6 Crippling Cash-Flow Mistakes and How to Avoid Them

The world of business operates on a very simple basis – companies make money, collect money, and then redistribute that money to allow for future operations. If this cash-flow is inefficient or disrupted, the business might have a hard time succeeding. As a matter of fact, a recent study says that as much as 82% of all business failures are, in fact, due to poor cash management.

Let us take a look then at some of the worst mistakes you can make while handling your company’s financial resources and what you can do to avoid them.

Excessive spending during the company’s infancy

People like to say that “in order to make money, you need to spend money” and for the most part, they are right. What most businesses fail to make a distinction between, especially during their infancy, are necessary, strategic investments and excessive spending that produces little to no results. Fortunately, this problem is easy to remedy. The companies need to take better care of their finances and allocate most of the resources into the areas that benefit the organization in measurable ways.

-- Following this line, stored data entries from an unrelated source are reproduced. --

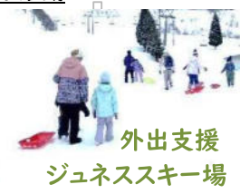
外出支援 ジュネススキー場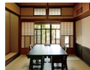
▲「料亭 あおぎり」店舗内観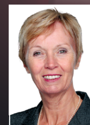
Nycole Turmel Députée de Hull-Aylmer nycole.turmel@parl.gc.ca www.nycoleturmel.ca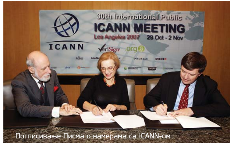
Потписивање Писма о намерама са ICANN-ом

Тренутно је регистровано скоро 60.000 .RS домена , у пет адресних простора (.rs, .co.rs, .org.rs, .in.rs и .edu.rs). Управљање адресним простором .AC.RS препуштено је Конференцији универзитета, за све акредитоване високошколске установе - факултете и институте. Адресни простор .GOV.RS , намењен државним органима Републике Србије, препуштен је на управљање Управи за заједничке послове републичких органа. Започет је процес увођења ћириличног домена.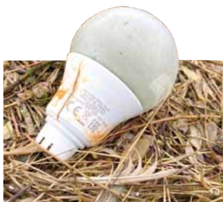
Weit verbreitete Gegenstände aus der Ladung der MSC Zoe: Wie viele zuvor wurden dieser LED-Lampen-Rohling und die Plastik-Orchidee (auf Seite 8) am 2.1.2021 genau zwei Jahre nach der Havarie in einem frischen Spülsaum vor Eiderstedt gefunden.

rungen. Die hierbei „aufgetretenen Querbeschleunigungen befanden sich nahe den Auslegungsgrenzen und führten zu einem Versagen der Containerstruktur und/oder des Laschmaterials und darauffolgendem Überbordgehen von Containern.“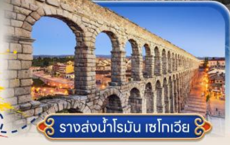
รางส่งน้ำโรมัน เซโกเวีย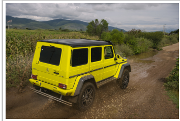
Mercedes-Benz G 500.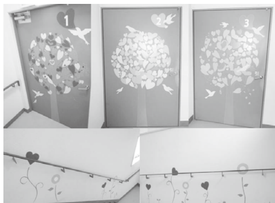
図8 完成した壁面アート 川崎医療福祉大学医療福祉デザイン学科撮影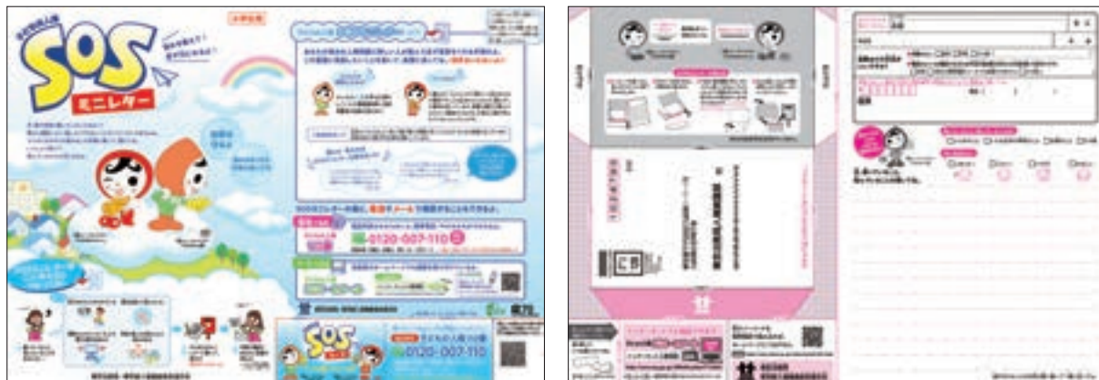
子どもの人権SOSミニレター（小学生向け）

子どもの人権110番を端緒に人権侵犯事件として立件し救済措置を講じた具体例は、以下のとおりである。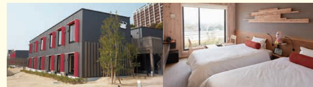
ハウステンボス「変なホテル」2期棟【長崎県】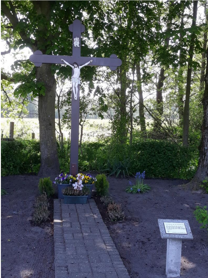
Devotiekruis aan de Hesselenweg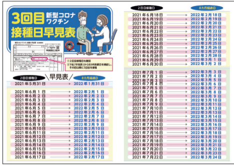
▲3回目ワクチン接種日早見表

Difficulties collecting invoices

Being passive about past-due receivables is probably one of the worst cash-flow killers. To make things even worse, small businesses are perfectly aware of this problem but simply lack the infrastructure to enforce the efficient penalty and collection policies. One of the ways to address this issue is to use selective invoice finance services in which a third-party company will pay you up to 95% of one or more invoices up-front and provide you with a working capital you need to continue operations until you are able to collect the invoices.

Overly enthusiastic forecasting

Starting a business requires an incredible amount of optimism. However, if you want your business to demonstrate staying power, this optimism has to be based in reality. There are too many examples of companies that misunderstood the buzz for real interested and botched sales forecasting only to see the returns that were not nearly sufficient to cover operational costs. Cut this problem in the root by doing a comprehensive market analysis that will give you a realistic picture of the revenue you can expect.

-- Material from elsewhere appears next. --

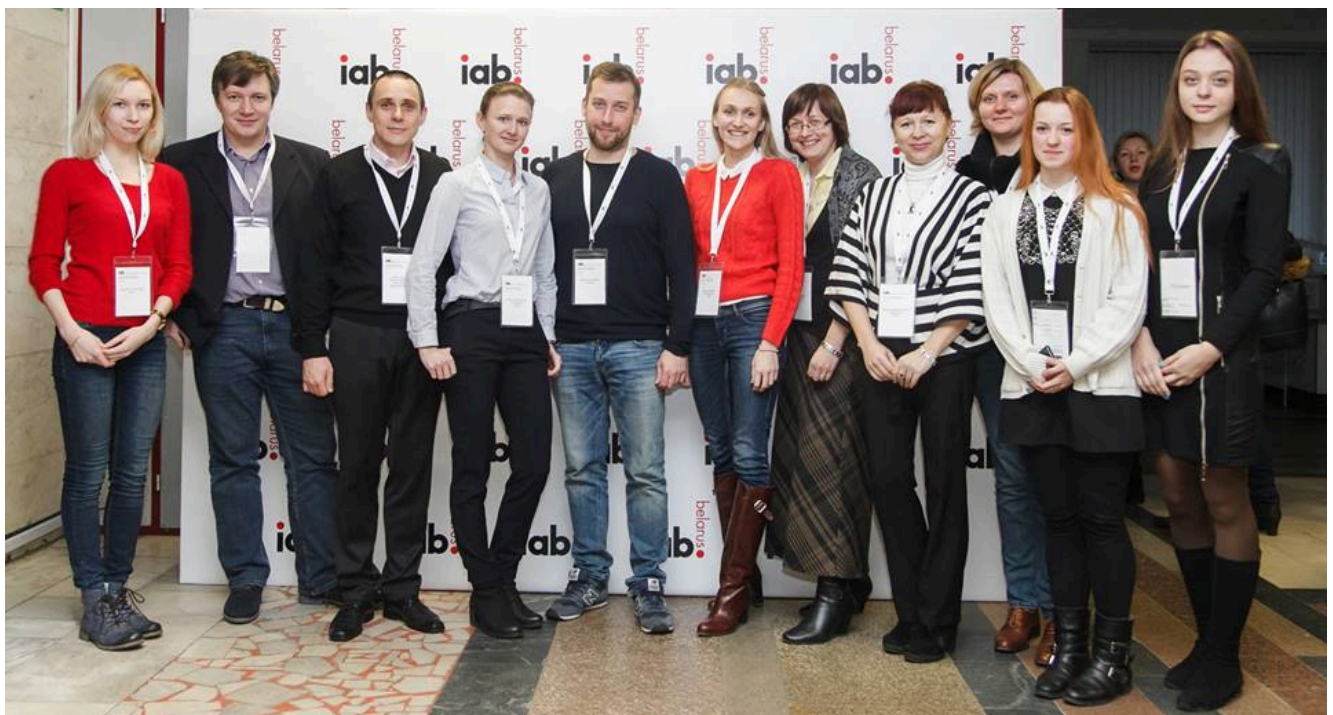
Преподаватели и студенты ФМк также посетили конференцию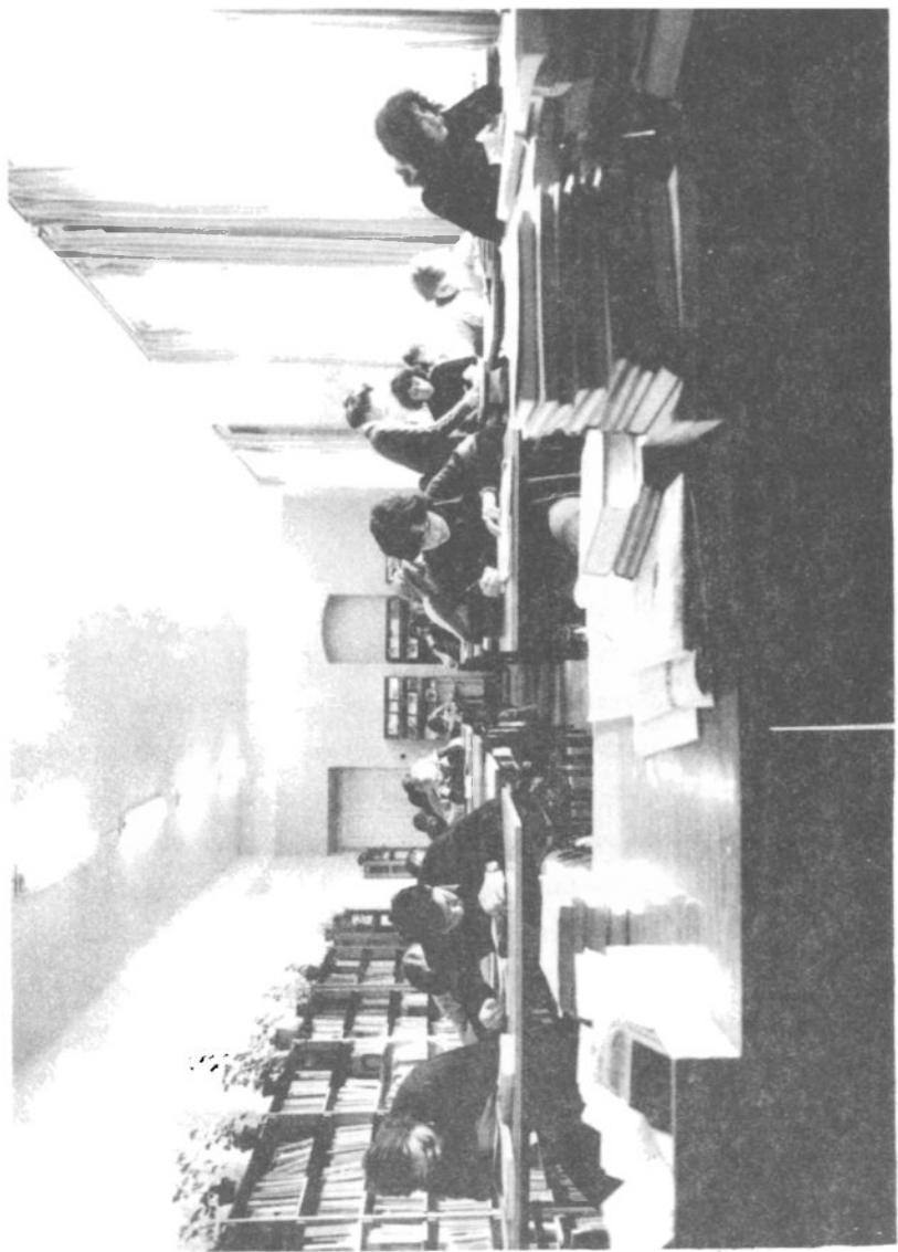
Czytelnia Biblioteki Wydziału Pedagogiki i Psychologii

Not utilizing the latest technology

The fact you are able to perform some activity doesn’t necessarily mean that is the best way to perform the said activity. In terms of cash-flow efficiency, this situation would translate to relying on obsolete and inefficient techniques to do cash-flow related activities like accounting and sending invoices. This problem can be solved in two ways – you can either invest more money into more efficient tools or outsource these tasks to companies with a better-developed infrastructure.

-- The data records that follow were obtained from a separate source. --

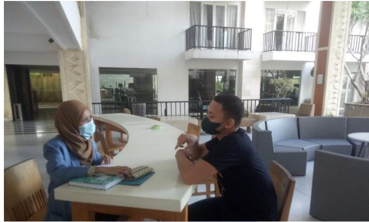
Gambar 5.1 Wawancara dengan responden karyawan hotel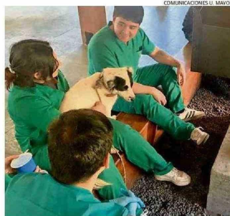
EN TOTAL, DURANTE EL DÍA DEL OPERATIVO SE REALIZARON SEIS CIRUGÍAS DE ESTERILIZACIÓN Y 30 ATENCIONES CLÍNICAS.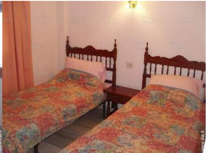
stanza degli ospiti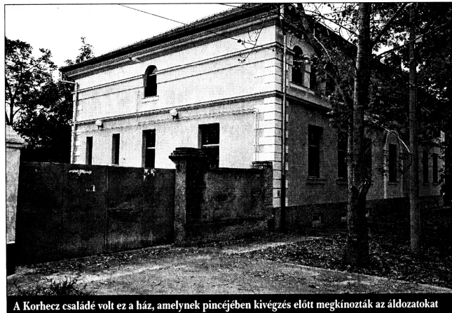
A Korhecz családé volt ez a ház, amelynek pincéjében kivégzés előtt megkínzották az áldozatokat

megjelenni, halottak napján egy-egy virágcsokor jelzi, hogy van, aki mégsem feledkezett meg róluk.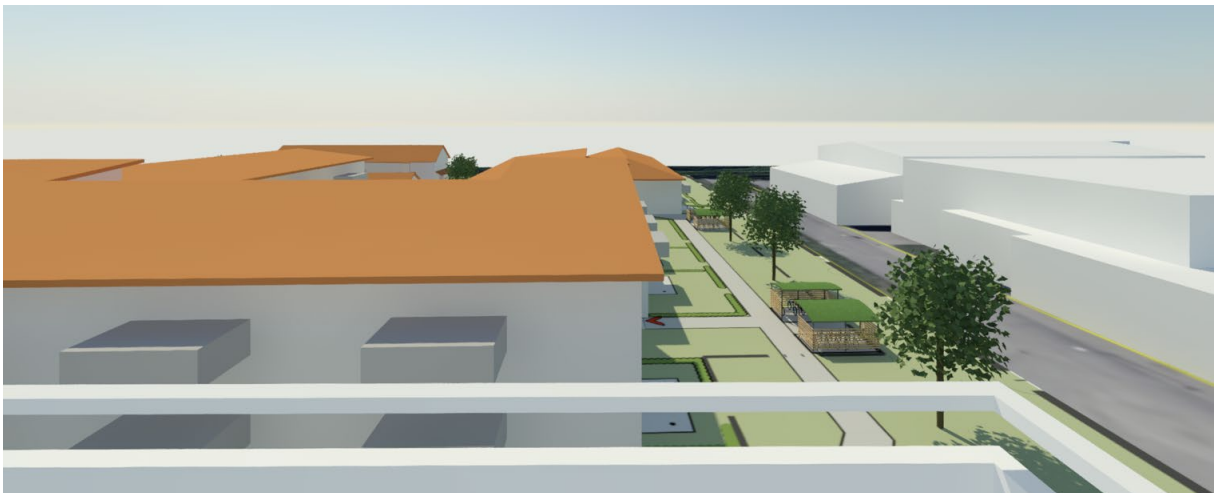
Figur 5. Vy från balkong, våning 5, Särö Centrumväg 7, mot söder.

Not keeping the track of your finances

Financial awareness is one of the main prerequisites for a successful business. Without it, your cash-flow will suffer, no matter how well you are currently doing or how fail-proof your business model looks on the outside. Because of that, you should put some effort into improving your financial habits and asserting better control over the cash-flow including revenue and daily spending. You would be surprised by just how many resources you are losing on a daily basis on the things seemingly menial.

Not having backup funds

Finally, it should be mentioned that no matter how close control you keep over the finances, your company is heavily reliant on the number of factors that are completely out of your control. If you are relying exclusively on cash-flow to propel your business forward, any kind of hiccup or slowdown can do crippling damage to your organization. Because of that, you should make sure that you always keep an account balance that can cover at least two months of average operating costs.

These six examples are far from the complete list of all the cash-flow mistakes your company can make. The complete list would be extensive to the point of being impossible to compile. But, they are the most poisonous practices that will do the most damage to your organization if left unchecked. Don’t allow yourself such a costly mistake and do your best to put your company on solid foundations.